§ Work order
Nothing but the records, transcribed verbatim and stripped of images, should appear in the answer.

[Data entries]
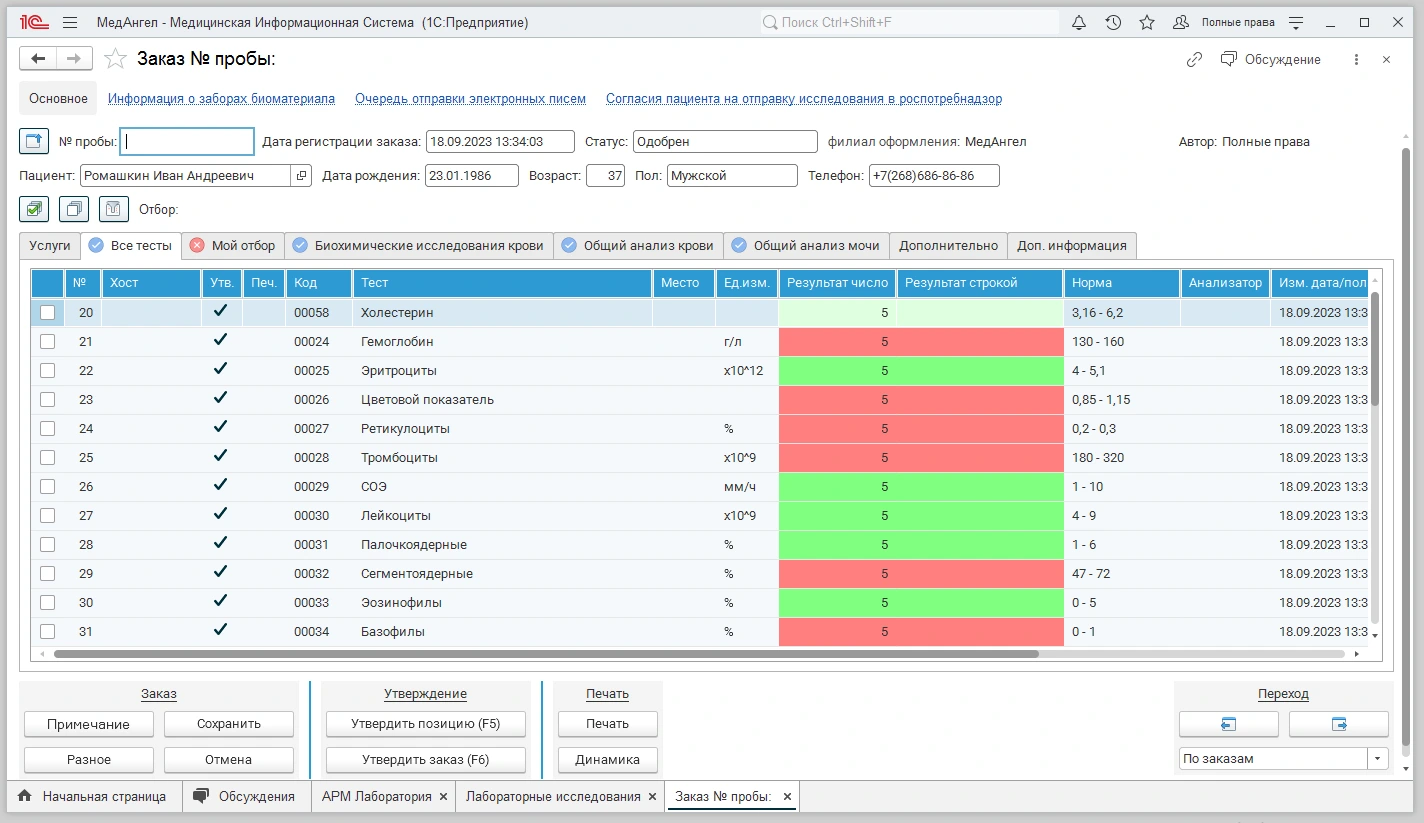 - АРМ лаборанта: контроль результатов автоматических анализаторов, возможность ввода данных для ручных методик, валидация результатов.
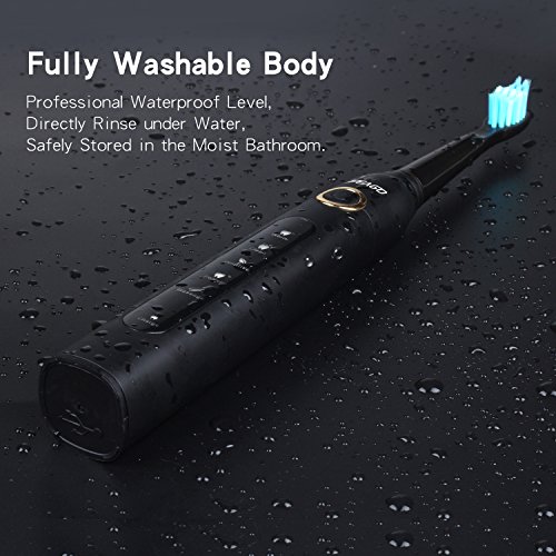 -. Feature : Powerful & Perfect for Oral Health: food grade head, 40,000 micro-brush per minute, whiten teeth, remove up to 100% more plaques and stains compared to manual toothbrushes, relieve tooth pain and gum issues. / - Long Basting Battery: practical USB powered, a full charge for 30-day use, not have to stay pled in, quite convenient. Overcharge or overdischarge protection. IPX6 waterproof & washable body for brushing or stored in the moist bathroom. / - 5 Setting Modes: vibration from soft to strong to comfort & accommodate your teeth based on different oral condition, 30 seconds dentist-recommended interval, shuts off at 2 minutes, reminds when to brush the next oral area. / - Family Use: 55g handy and light body, food grade DuPont bristle, little head for safe and deep cleaning, low vibration noise, suitable for kids and adults use. / - Guarantee: 30-day money back, 2-year warranty. Give it a try!
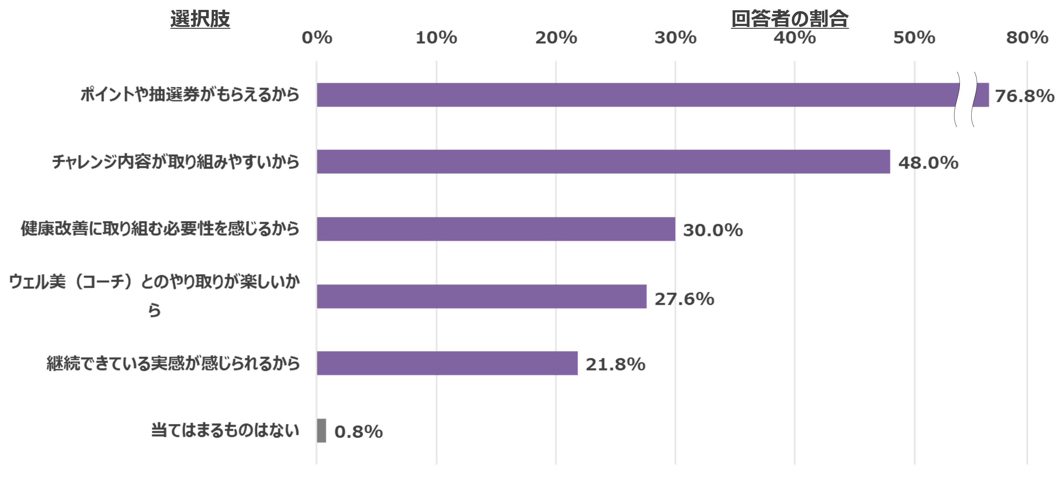 チャレンジ継続している理由として抽選機能に次いで多かった回答は「チャレンジの取組みやすさ」と「健康改善に取り組む必要性を感じていること」でした。
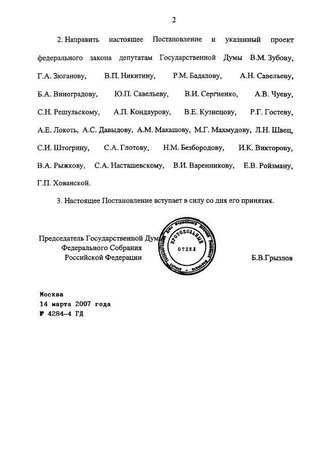 ПОСТАНОВЛЕНИЕ ГД ФС РФ от 14.03.2007 N 4284-4 ГД
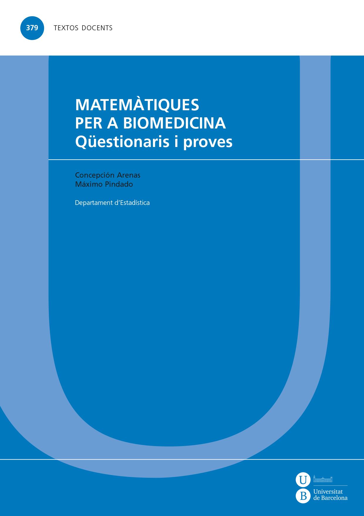 Matemàtiques per a biomedicina presenta un recull de proves i qüestionaris de l’assignatura Matemàtiques: Aplicacions a la Biomedicina del grau de Ciències Biomèdiques. L’avaluació d’aquesta matèria consisteix, en part, en qüestionaris d’opció múltiple i proves sobre situacions biomèdiques justament com les que es publiquen en aquest volum. Com que la correcta resolució dels exercicis requereix tant un coneixement de conceptes matemàtics com un bon ús de les competències adquirides, aquesta obra facilita als estudiants un mitjà d’autoavaluació que en certifica el grau d’aprenentatge. Essent així, aquest llibre, que millora la competència matemàtica des de la qual es resolen i modelitzen situacions biomèdiques, contribueix, amb claredat i precisió, a la formació dels futurs professionals de la biomedicina.
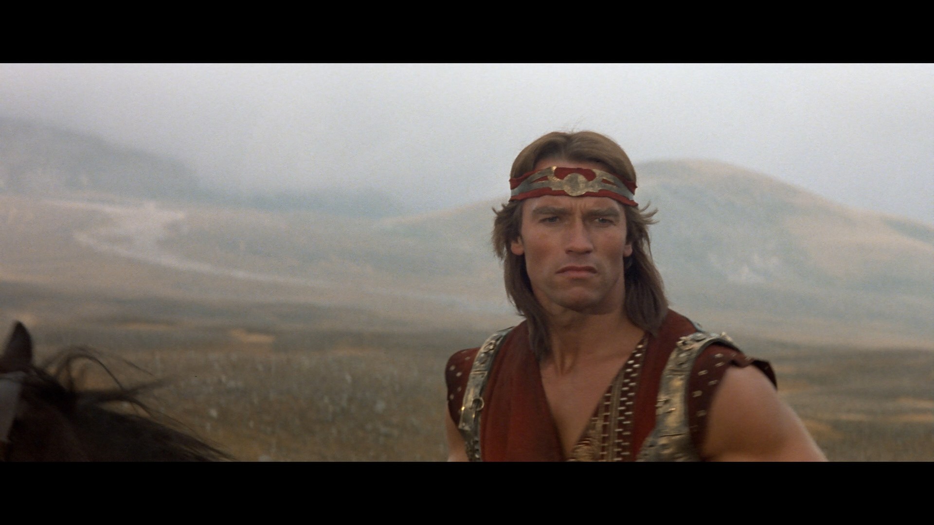 time and has been on home video numerous times including an okay Warner DVD in 2004. Pretty much everywhere else in the world, the film is controlled by StudioCanal (or whichever spelling of the company's name you prefer) who first issued it on Blu-ray in 2010 via its own name and affiliates (eventually folded into the main company) Optimum in the U.K. and Kinowelt in Germany. That release looked pretty good at the time and came with English and French 5.1 DTS-HD audio options plus German, Italian, Spanish, or Russian 2.0 mono, with Dutch, French, German, Italian, Spanish, Turkish, Danish, Norwegian, Swedish, Finnish, or Russian subtitles. The film was mixed and released theatrically in mono for some reason, but the 5.1 remix sounds okay even if Morricone's rather thin-sounding score doesn't particularly lend itself to having lots of reverb added on. Also featured on the disc are a trailer and "Arnold Schwarzenegger: The Man Who Raised Hollywood" (15m39s), an okay featurette on Schwarzenegger’s early career with colleagues like Peter Hyams, Arthur Allan Seidelman, Edward Pressman, Michel Ferry (an assistant director on Red Sonja), and others chatting about the star's career from Pumping Iron onward. Then Ferry turns up solo for "Red Sonja vs. Kalidor: The making of a Misunderstanding" (12m3s) an archive interview with assistant director Michel Ferry about De Laurentiis' technical prep for the film and the complications of making a Conan film where you couldn't use the character's name.

§ Output
 - АРМ лаборанта: контроль результатов автоматических анализаторов, возможность ввода данных для ручных методик, валидация результатов.
 -. Feature : Powerful & Perfect for Oral Health: food grade head, 40,000 micro-brush per minute, whiten teeth, remove up to 100% more plaques and stains compared to manual toothbrushes, relieve tooth pain and gum issues. / - Long Basting Battery: practical USB powered, a full charge for 30-day use, not have to stay pled in, quite convenient. Overcharge or overdischarge protection. IPX6 waterproof & washable body for brushing or stored in the moist bathroom. / - 5 Setting Modes: vibration from soft to strong to comfort & accommodate your teeth based on different oral condition, 30 seconds dentist-recommended interval, shuts off at 2 minutes, reminds when to brush the next oral area. / - Family Use: 55g handy and light body, food grade DuPont bristle, little head for safe and deep cleaning, low vibration noise, suitable for kids and adults use. / - Guarantee: 30-day money back, 2-year warranty. Give it a try!
 チャレンジ継続している理由として抽選機能に次いで多かった回答は「チャレンジの取組みやすさ」と「健康改善に取り組む必要性を感じていること」でした。
 ПОСТАНОВЛЕНИЕ ГД ФС РФ от 14.03.2007 N 4284-4 ГД
 Matemàtiques per a biomedicina presenta un recull de proves i qüestionaris de l’assignatura Matemàtiques: Aplicacions a la Biomedicina del grau de Ciències Biomèdiques. L’avaluació d’aquesta matèria consisteix, en part, en qüestionaris d’opció múltiple i proves sobre situacions biomèdiques justament com les que es publiquen en aquest volum. Com que la correcta resolució dels exercicis requereix tant un coneixement de conceptes matemàtics com un bon ús de les competències adquirides, aquesta obra facilita als estudiants un mitjà d’autoavaluació que en certifica el grau d’aprenentatge. Essent així, aquest llibre, que millora la competència matemàtica des de la qual es resolen i modelitzen situacions biomèdiques, contribueix, amb claredat i precisió, a la formació dels futurs professionals de la biomedicina.
 time and has been on home video numerous times including an okay Warner DVD in 2004. Pretty much everywhere else in the world, the film is controlled by StudioCanal (or whichever spelling of the company's name you prefer) who first issued it on Blu-ray in 2010 via its own name and affiliates (eventually folded into the main company) Optimum in the U.K. and Kinowelt in Germany. That release looked pretty good at the time and came with English and French 5.1 DTS-HD audio options plus German, Italian, Spanish, or Russian 2.0 mono, with Dutch, French, German, Italian, Spanish, Turkish, Danish, Norwegian, Swedish, Finnish, or Russian subtitles. The film was mixed and released theatrically in mono for some reason, but the 5.1 remix sounds okay even if Morricone's rather thin-sounding score doesn't particularly lend itself to having lots of reverb added on. Also featured on the disc are a trailer and "Arnold Schwarzenegger: The Man Who Raised Hollywood" (15m39s), an okay featurette on Schwarzenegger’s early career with colleagues like Peter Hyams, Arthur Allan Seidelman, Edward Pressman, Michel Ferry (an assistant director on Red Sonja), and others chatting about the star's career from Pumping Iron onward. Then Ferry turns up solo for "Red Sonja vs. Kalidor: The making of a Misunderstanding" (12m3s) an archive interview with assistant director Michel Ferry about De Laurentiis' technical prep for the film and the complications of making a Conan film where you couldn't use the character's name.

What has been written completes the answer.